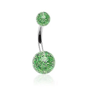 Piercing do pupíku. Piercing má dřík z chirurgické oceli 316L. Kuličky piercingu jsou z bioplastu. Dřík piercingu má průměr 1,6mm, délku 10mm. Průměr horní kuličky 5mm, průměr dolní kuličky 8mm.
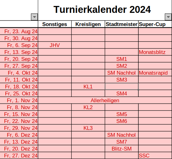 UPDATE: Update Turnierkalender 2. Halbjahr 2024
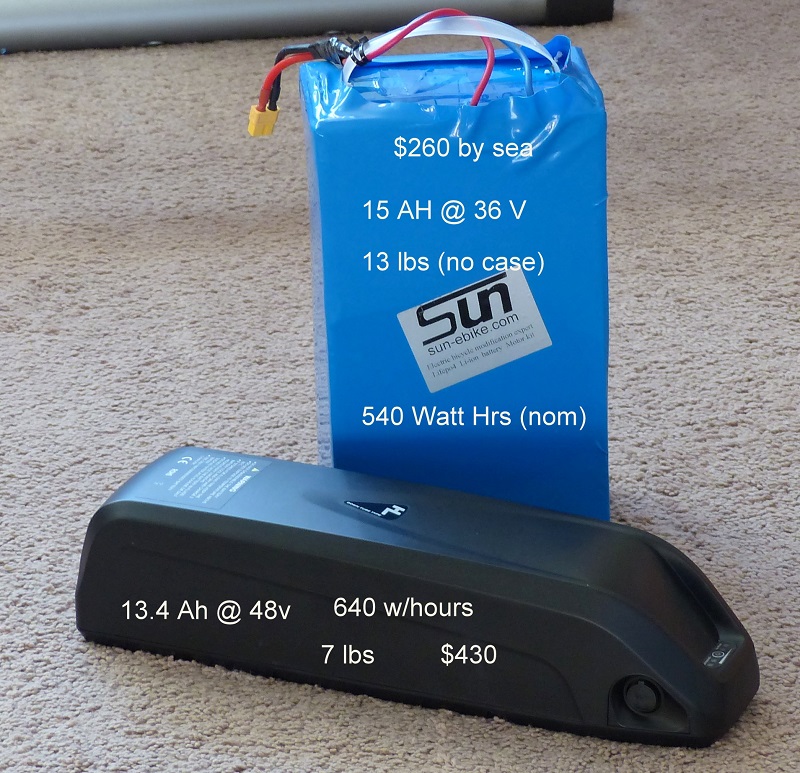 I think batteries are the critical component on an ebike. With a kit, there are more options. Since a nice BBS02, Golden, or MAC motor can be had for around $300 -$500, what battery can you get for under $500, to keep the thing around $1000? If you have a bike to convert, or can dig something up, the final price can be very low. But I think you end up with an extremely capable bike for a great price:

ACTIVITY: Copy out the lines exactly as written, beginning with the one that contains "UPDATE: Update Turnierkalender" and ending with the last line of the material; do not include pictures.

SOLUTION TO THIS PROBLEM:
 UPDATE: Update Turnierkalender 2. Halbjahr 2024
 I think batteries are the critical component on an ebike. With a kit, there are more options. Since a nice BBS02, Golden, or MAC motor can be had for around $300 -$500, what battery can you get for under $500, to keep the thing around $1000? If you have a bike to convert, or can dig something up, the final price can be very low. But I think you end up with an extremely capable bike for a great price:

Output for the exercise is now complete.